Arbeit- und Wohnverhältnisse im Ruhrgebiet zu Zeiten des deutschen Kaiserreiches

Ruhrgebiet

Im Ruhrgebiet und Umgebung gibt es große Vorkommen von Kohle.
Kohle ist einer der wichtigsten Rohstoffe der Schwerindustrie, da Dampfmaschinen diesen verwenden.

Im Ruhrgebiet haben sich, wegen dieser Vorrausetzung, in wenigen Jahren viele Konzerne angesiedelt und entwickelt.

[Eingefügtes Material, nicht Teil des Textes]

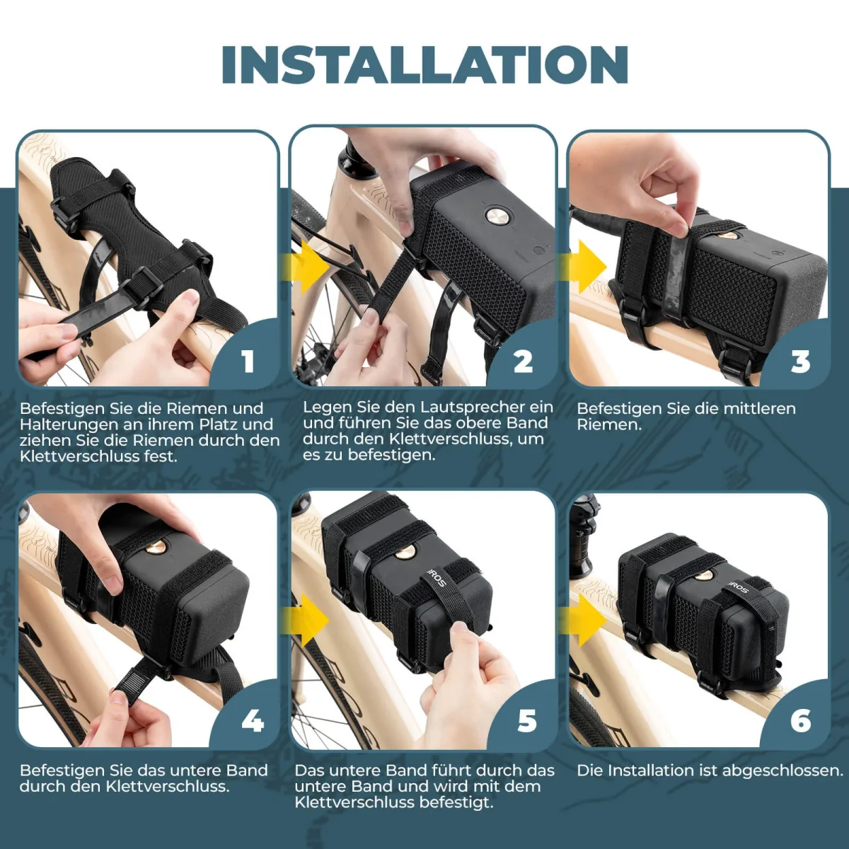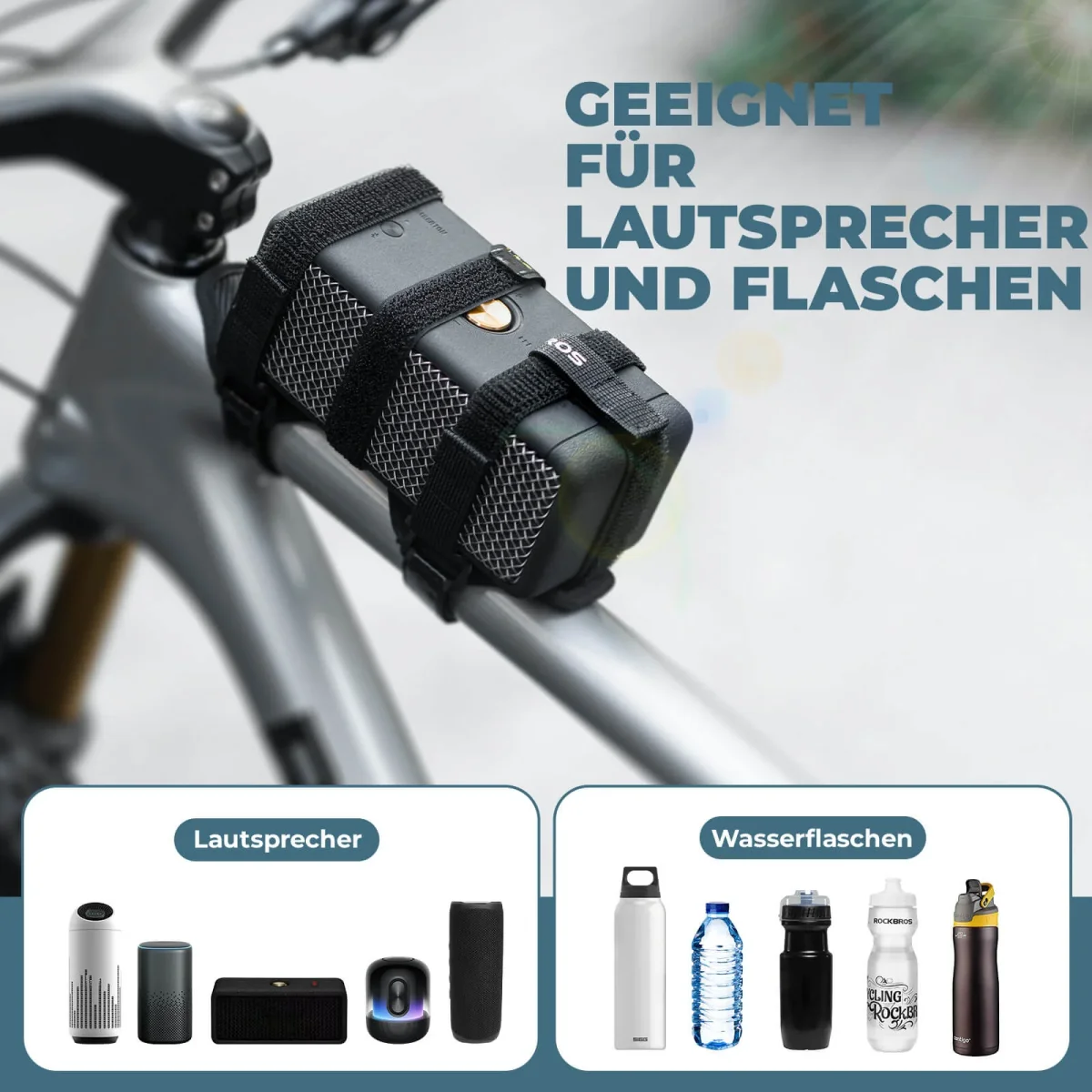 Les doubles sangles élastiques Magic Tape assurent un maintien sûr des haut-parleurs et des bouteilles d’eau – idéal pour les balades à vélo.

Dadurch kamen viele Arbeiter in die Städte, diesen Prozess nennt man Urbanisierung. Hierdurch wuchs das Ruhrgebiet enorm und aus Dörfern, wie Essen, entstanden große Städte. Der Wohnungsausbau war sehr langsam und Kosten von Wohnungen stiegen, gleichzeitig wurden Arbeitszeiten immer länger.

Arbeit- und Wohnverhältnisse litten durch diesen Wachstum. Diese Website wird Ihnen diese Verhältnisse näher bringen und erläutern.

Wäre die Industrie im Ruhrgebiet auch floriert, wenn auf Arbeit- und Wohnverhältnisse geachtet worden wäre?

Geschichtlicher Hintergrund

Um mehr über ein Thema zu erfahren, fahren Sie mit ihrer Maus über die einzelnen Karten.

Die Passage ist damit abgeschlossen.